Well, I suppose I do think so, because I just thought it.

It's not a completely off the wall thought. Many years ago she did tell collude with him to steal my DNA to determine if I had fathered her pregnancy. And he was there—physically, emotionally there—in the terrible moments when she learned she was losing that pregnancy. That was pretty intimate stuff.

It's not inconceivable that she would turn to him with this problem. But I really hope not.

There's only so much a bloke can take.

I watch her coming toward me. She's close enough now that I can see a fire in her eyes beneath the puffiness. Hmmm. Maybe she went another few rounds with Chili, then.

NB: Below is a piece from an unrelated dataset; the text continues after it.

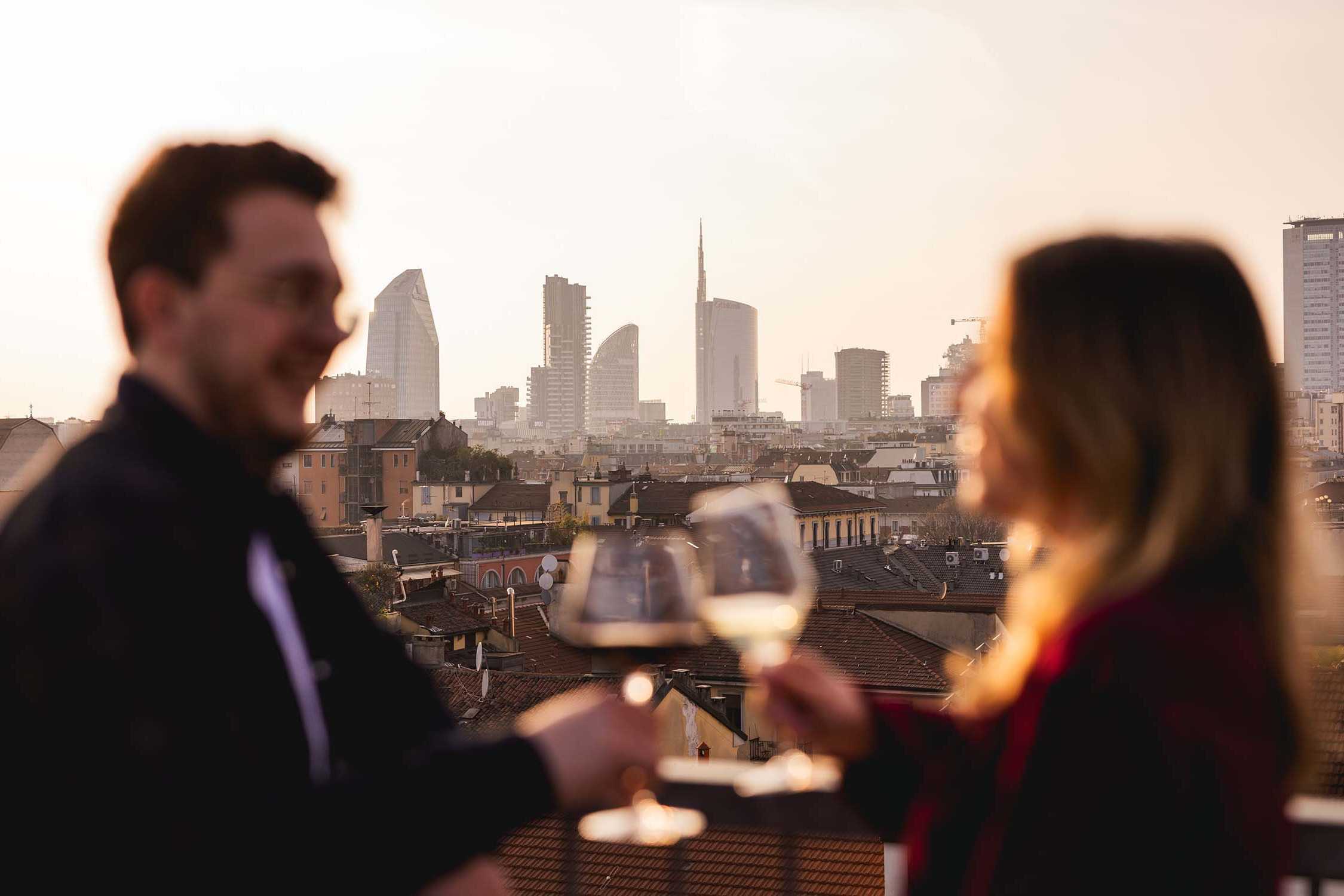 The new panoramic terrace offers a unique experience, with a breathtaking view of Milan’s skyline — perfect for a special lunch or for enjoying one of our cocktails, open weather permitting.
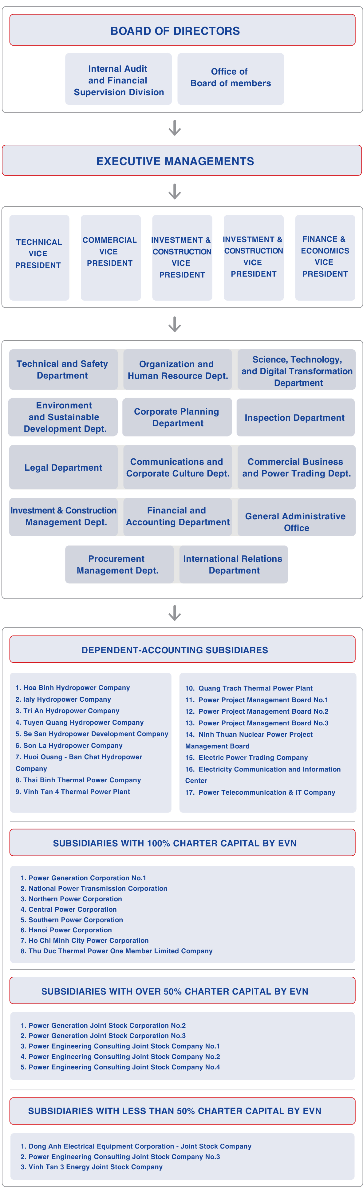 of the Office and professional departments under the EVN Headquarters.

I roll away from the handicapped accessible table and take the straightest path toward her. She closes the distance more quickly. She leans down in front of me so that we are level. I know Row thinks this is some kind of courtesy, but there's something about the way that she does this that chafes.

Of course, in this noisy cafeteria, it's the only way I could probably hear her. Her voice is very low when she says, "I'm so sorry. I lost track of time and that was really inconsiderate of me."

I nod. "It's alright, Row, but the thing is...you don't appear to be alright..."

She looks like she might ball again as she says, "Can we get out of here?"

It takes pretty much everything I have left to wheel myself to the car, but I don't ask Row to give me a push.

Once we are loaded in the van, she turns over the ignition and she sits a long moment, as if she can't collect herself. She's overwrought and wiping away tears again.